2014年09月24日 16時40分 JST | 更新 2014年09月24日 16時40分 JST
Reuters

[国連/ワシントン 23日 ロイター] - イスラム教スンニ派過激組織「イスラム国」のシリア側拠点への空爆実施を発表したオバマ米大統領は、国内的も国際的にも政治的に大きなリスクに直面している。

オバマ大統領はクリントン元大統領が立ち上げた国際会議であいさつした際には、クリントン氏の娘の出産予定が近いことに絡んでジョークを飛ばし、リラックスした様子だった。大統領にジョークを話す余裕があったのは、空爆にペルシャ湾岸5カ国の参加を取り付けたからだ。国連での会合のためニューヨークに赴いた大統領の最初の仕事は、これら湾岸5カ国の代表に個人的に感謝を伝えることだった。

しかしすべてが円滑に進まなければ、民主党の上院での過半数維持が危うい中間選挙が近づくにつれて、今度の戦争は大統領と民主党にとって厄介な事になるだろう。

反戦の立場の民主党員は11月の議会選で投票する熱気を削がれそうだ。また今回の計画で何か問題が生じれば、現在40%近辺で推移しているオバマ大統領の支持率はさらに下がり、小さな失策も逃すまいと身構えている共和党を勢いづかせる可能性がある。

少なくとも最初の時点でみると、オバマ大統領と民主党は空爆実施で得点を稼いだ。世論調査は、大統領がイスラム国のメンバーによる米国人ジャーナリスト2人の殺害に対して報復を行ったことに米国民の間に一定の支持があることを示す見込みだ。

ただ、調査会社ギャラップの編集責任者フランク・ニューポート氏は、今月20、21日の調査では軍事行動への支持が過半数に達したが、このことが大統領の支持率上昇につながるかはまだ分からないとした。

ロイターとイプソスが12日に公表した調査によると、米国民は空爆を支持していたが戦闘の長期化には消極的だ。この調査では戦闘支持は64%で反対は21%、「分からない」は16%だった。

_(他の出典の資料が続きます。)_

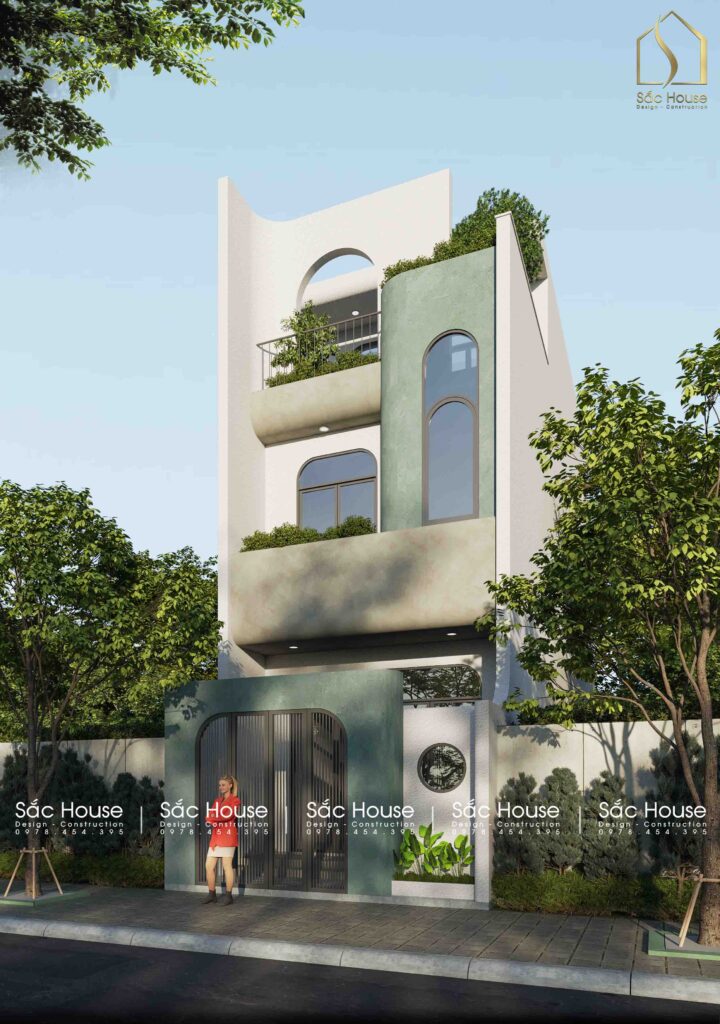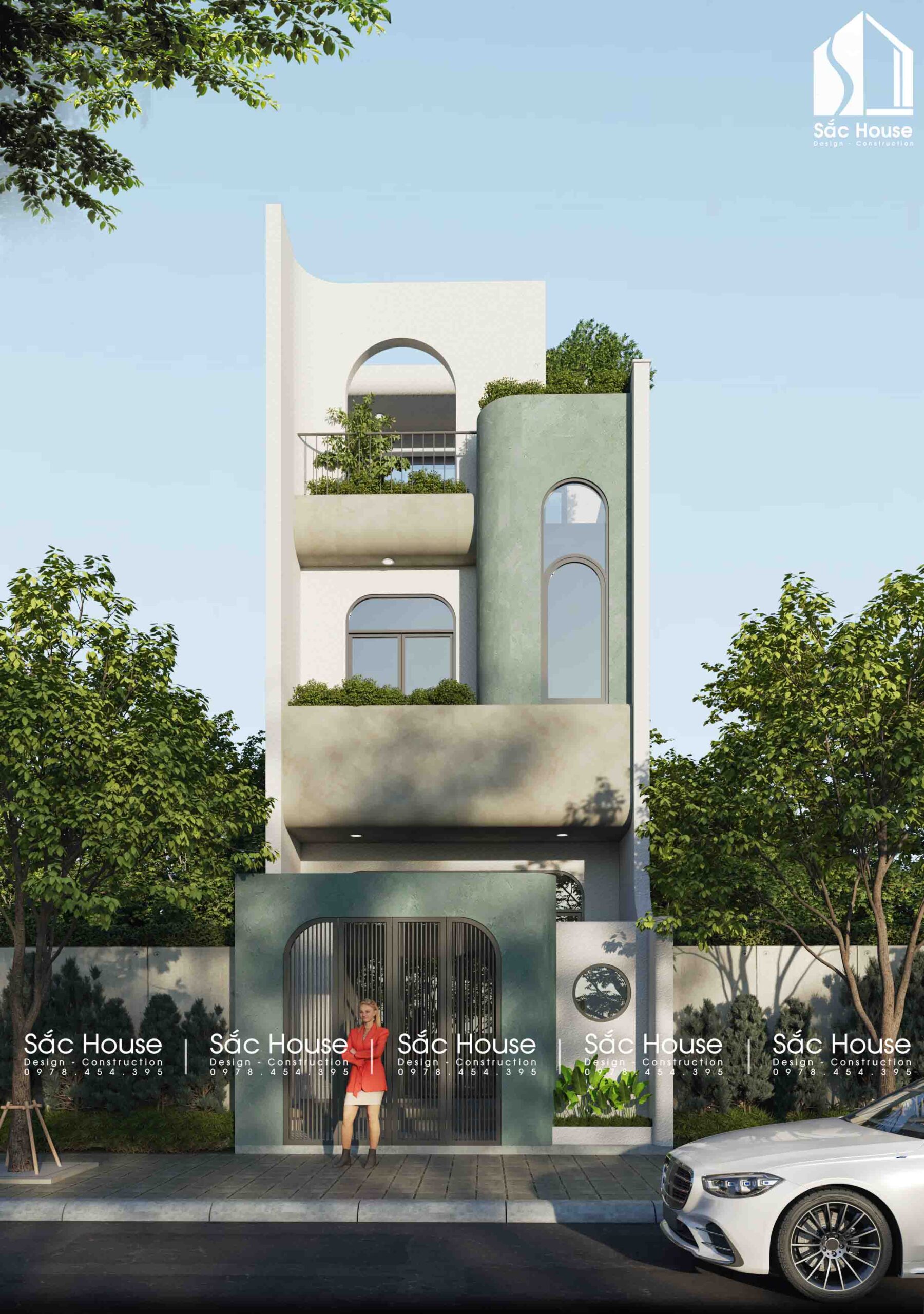 Ngôi nhà sở hữu mặt tiền không cầu kỳ, nhưng lại gây ấn tượng bởi sự hài hòa trong hình khối và màu sắc. Những đường cong mềm mại, đặc biệt là các chi tiết cửa vòm cong và ban công cong, tạo nên một tổng thể nhẹ nhàng, uyển chuyển. Gam màu xanh rêu mát mắt kết hợp cùng tông trắng trung tính tạo cảm giác thanh thoát, gần gũi với thiên nhiên.

大統領は議会との関係でも困難に直面しそうだ。議会は先週、イスラム国の壊滅を目指す大統領の包括戦略を可決したが、この中には大統領への戦闘の全権委任は含まれず、シリア反政府勢力への武器供与などに限って2カ月だけ認めた。議会は中間選挙後にこの問題を採り上げるだろう。

アメリカン大学国際関係大学院のジェームズ・ゴールドガイガー学部長は「オバマ氏は戦争開始ではなく戦争終結を基盤にして大統領になった。リスクが高いのは間違いないが、何か行動することへの支持はある。今後の展開次第の面が大きい」と話す。

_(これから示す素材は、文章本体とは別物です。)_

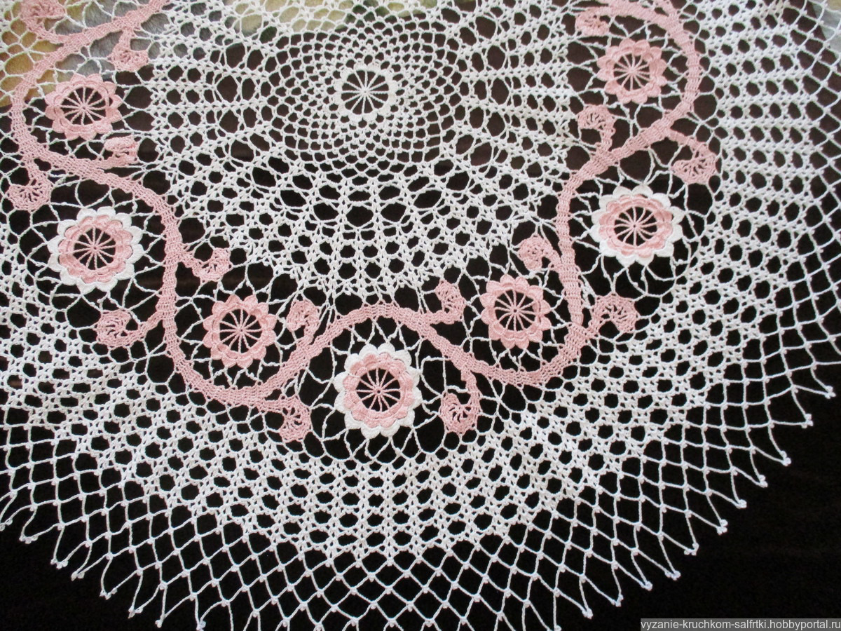 Очень красивая и нежная ажурная мини-скатерть на круглый стол с цветной полосой декора в технике брюггского кружева.

大統領はイスラム国への攻撃を進めた後、シリアのアサド大統領の介入を食い止め、中東問題で慎重に事を成すべく交渉を進めるという困難も背負う。またイラクのアバディ首相にスンニ派を加えた政権を樹立させることも必要だが、最も重要なのはシリアの反政府勢力が、空爆でイスラム国を排除した地域を維持できるようにすることだ。